*** Opening Supplied entries ***

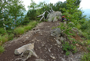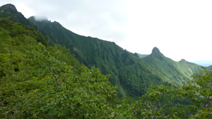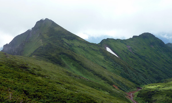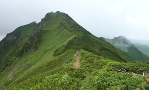 感想 : この山の登山道は尾根の上であるが、必ずしも展望は良くない。この山の最大の魅力は何といっても山頂から、登ってきた雄大な大槍と尾根の全容を見ることであろう。今回、ガスの中の登りであったが、下山時にガスがきれて、幸せだった。なお、平山からニセイカウシュッペを見ると、大槍と小槍の尾根は実に迫力があり、感動する。 |
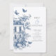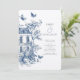 Convite Casamento do Código QR Rustic Blue Toile De Jouy
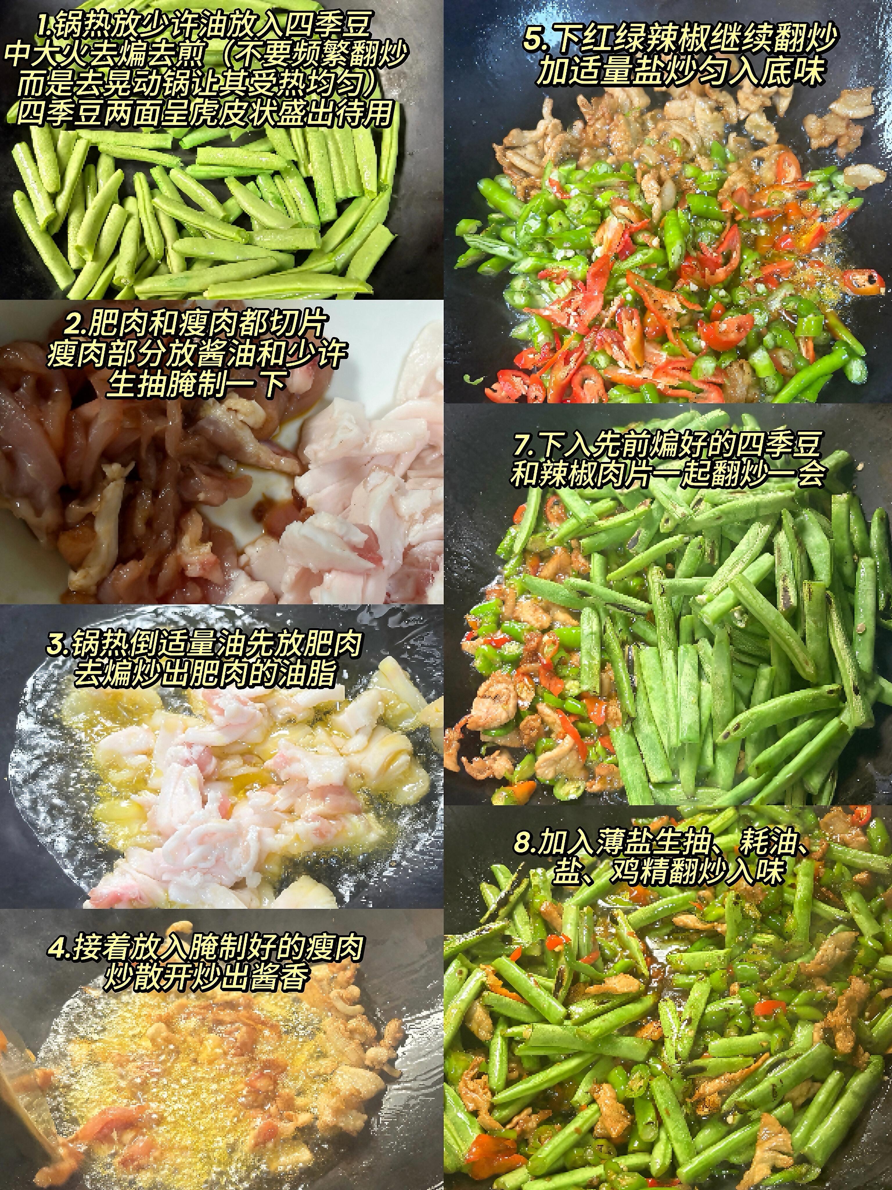 小贴士:四季豆一定要煎熟煮透,避免夹生;五花肉肥瘦分开炒,油脂煸出来更喷香,瘦肉不柴;中小火慢煎四季豆,才能炒出虎皮状和锅气~
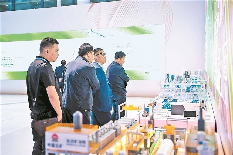 འགྲེམས་སྟོན་ལ་ཞུགས་པའི་ཚོང་པས་ནུས་ཁུངས་གཙང་མའི་འཛུགས་སྐྲུན་གྱི་གྲུབ་འབྲས་ལ་རྒྱུས་ལོན་བྱེད་བཞིན་པ།
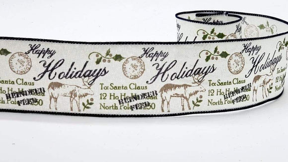 Cream Colored Canvas Post Card to Santa Claus Ribbon - 5 Yards
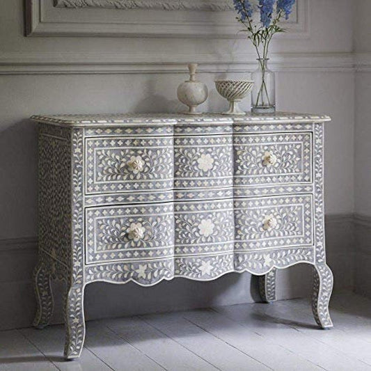 Handmade Bone Inlay Four Drawer Colonial Dresser | Light Gray Color French Chest of Drawers

*** Closing Supplied entries ***

Exact copies of the entries above are needed, with every picture removed.

 感想 : この山の登山道は尾根の上であるが、必ずしも展望は良くない。この山の最大の魅力は何といっても山頂から、登ってきた雄大な大槍と尾根の全容を見ることであろう。今回、ガスの中の登りであったが、下山時にガスがきれて、幸せだった。なお、平山からニセイカウシュッペを見ると、大槍と小槍の尾根は実に迫力があり、感動する。 |
 Convite Casamento do Código QR Rustic Blue Toile De Jouy
 小贴士:四季豆一定要煎熟煮透,避免夹生;五花肉肥瘦分开炒,油脂煸出来更喷香,瘦肉不柴;中小火慢煎四季豆,才能炒出虎皮状和锅气~
 འགྲེམས་སྟོན་ལ་ཞུགས་པའི་ཚོང་པས་ནུས་ཁུངས་གཙང་མའི་འཛུགས་སྐྲུན་གྱི་གྲུབ་འབྲས་ལ་རྒྱུས་ལོན་བྱེད་བཞིན་པ།
 Cream Colored Canvas Post Card to Santa Claus Ribbon - 5 Yards
 Handmade Bone Inlay Four Drawer Colonial Dresser | Light Gray Color French Chest of Drawers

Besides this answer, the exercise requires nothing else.